[COLLECTED DATA]
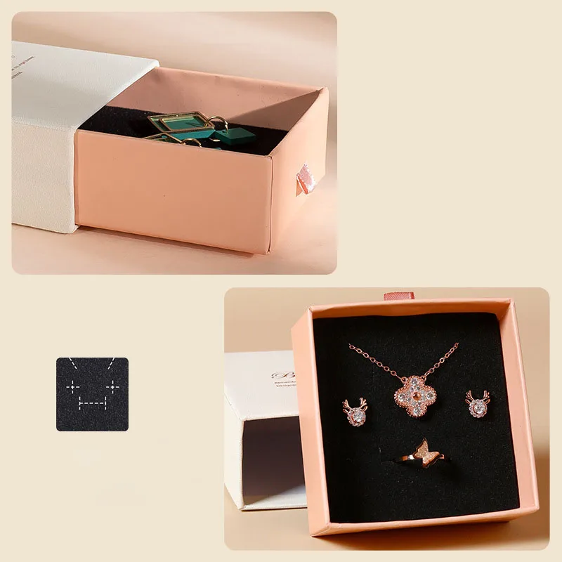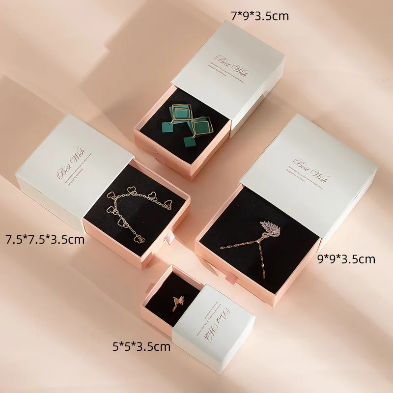 Logo Printed White Pink Necklace Jewelry Ring Earring Bracelet Jewellery Box With Sliding Drawer Custom
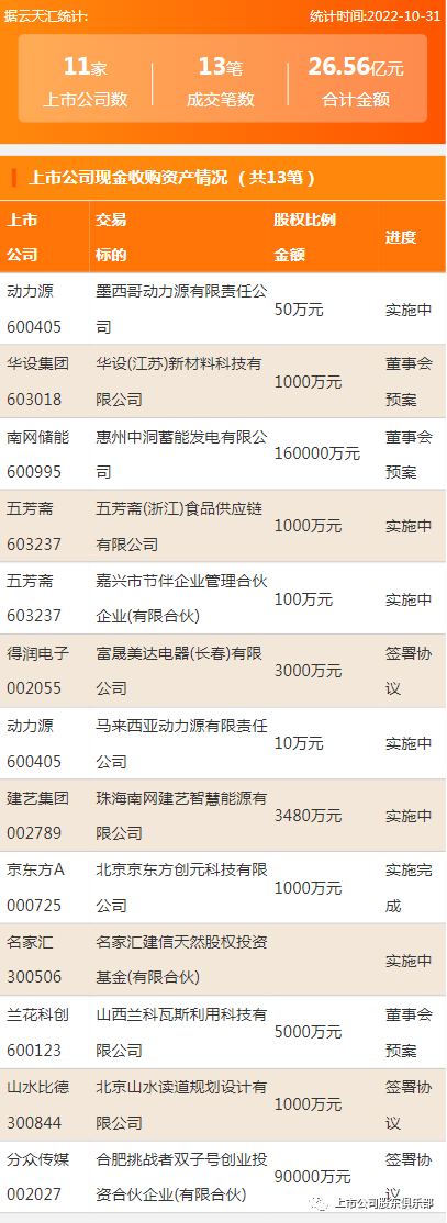 2022年10月31日,资产交易成交金额26.56亿元,上市公司11家,成交13笔,上市公司挂牌转让资产13笔。
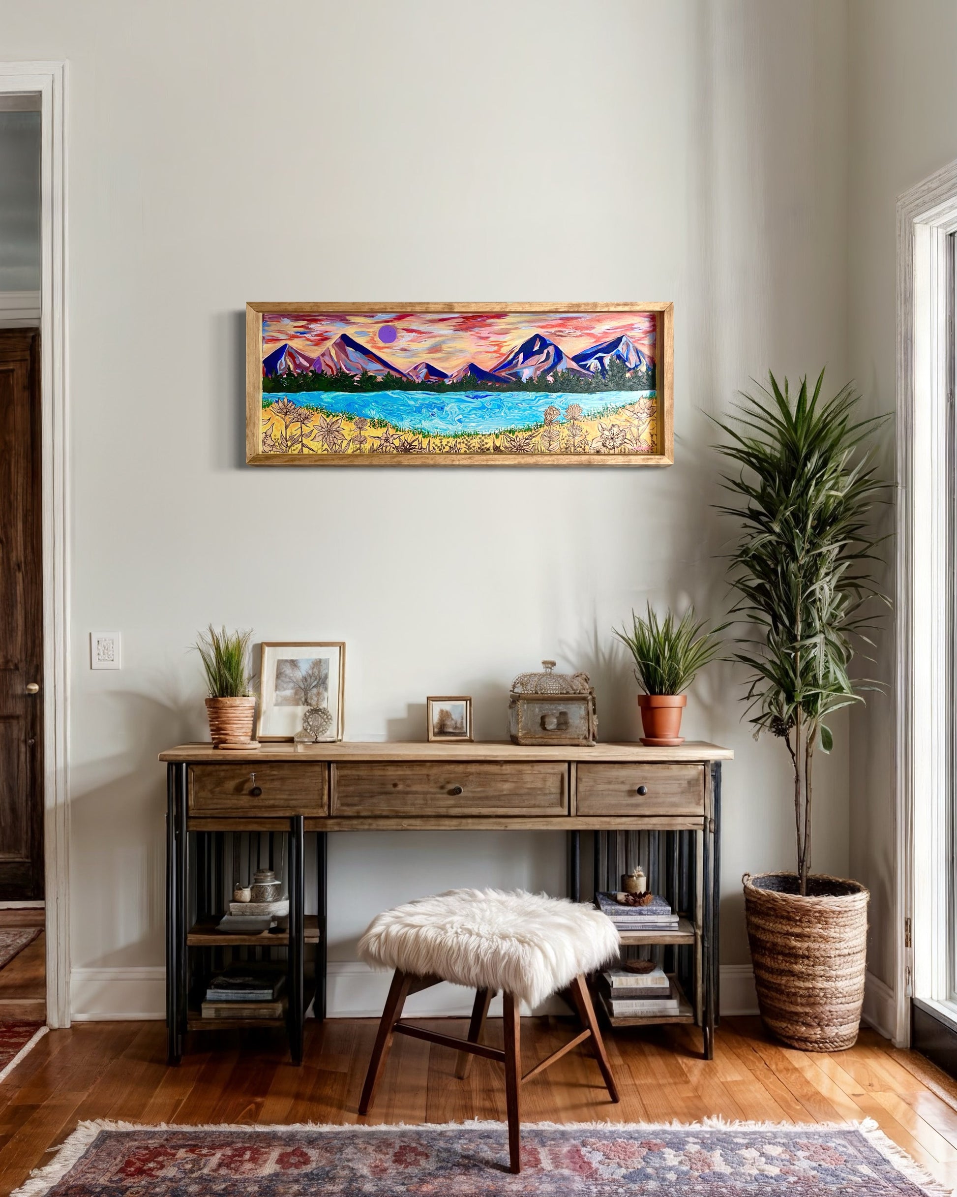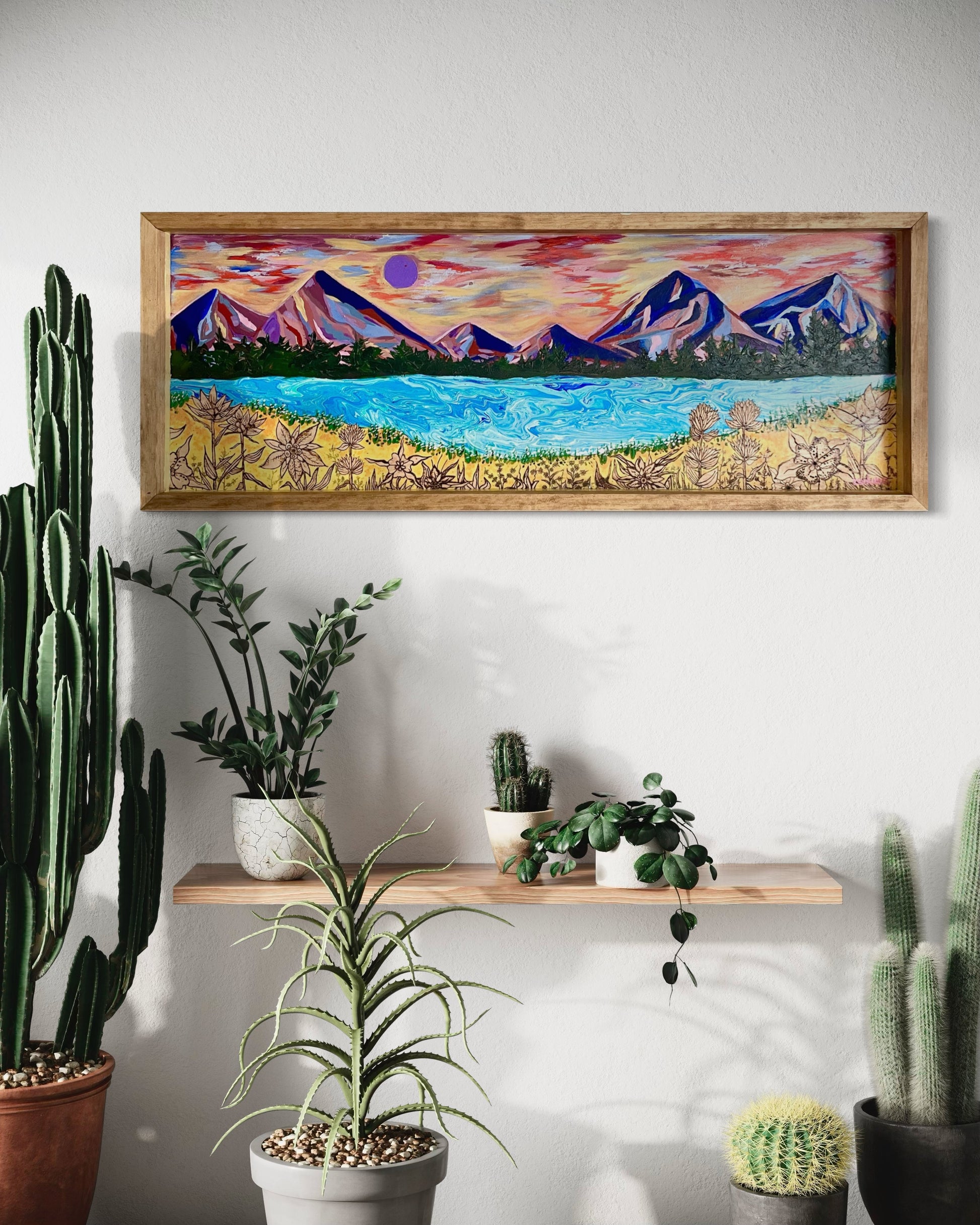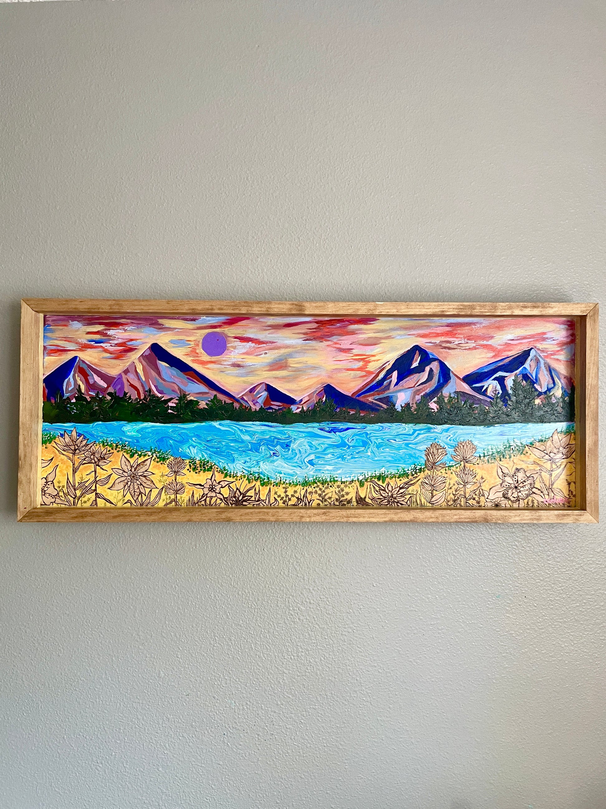 Medium: This piece is done on birch wood and wood burned to show a multidimensional feel against the water-color and acrylic paints. The lake is of an acrylic pour or marbled art technique to represent the flow and constant change of water.
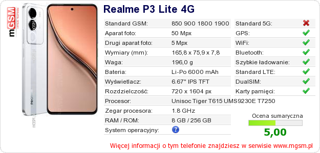 Dane telefonu Realme P3 Lite 4G na Twojej stronie
[/COLLECTED DATA]
**TASK BRIEF**: Reproduce the full listing faithfully, but do not carry over any pictures.

**FINAL ANSWER**:
 Logo Printed White Pink Necklace Jewelry Ring Earring Bracelet Jewellery Box With Sliding Drawer Custom
 2022年10月31日,资产交易成交金额26.56亿元,上市公司11家,成交13笔,上市公司挂牌转让资产13笔。
 Medium: This piece is done on birch wood and wood burned to show a multidimensional feel against the water-color and acrylic paints. The lake is of an acrylic pour or marbled art technique to represent the flow and constant change of water.
 Dane telefonu Realme P3 Lite 4G na Twojej stronie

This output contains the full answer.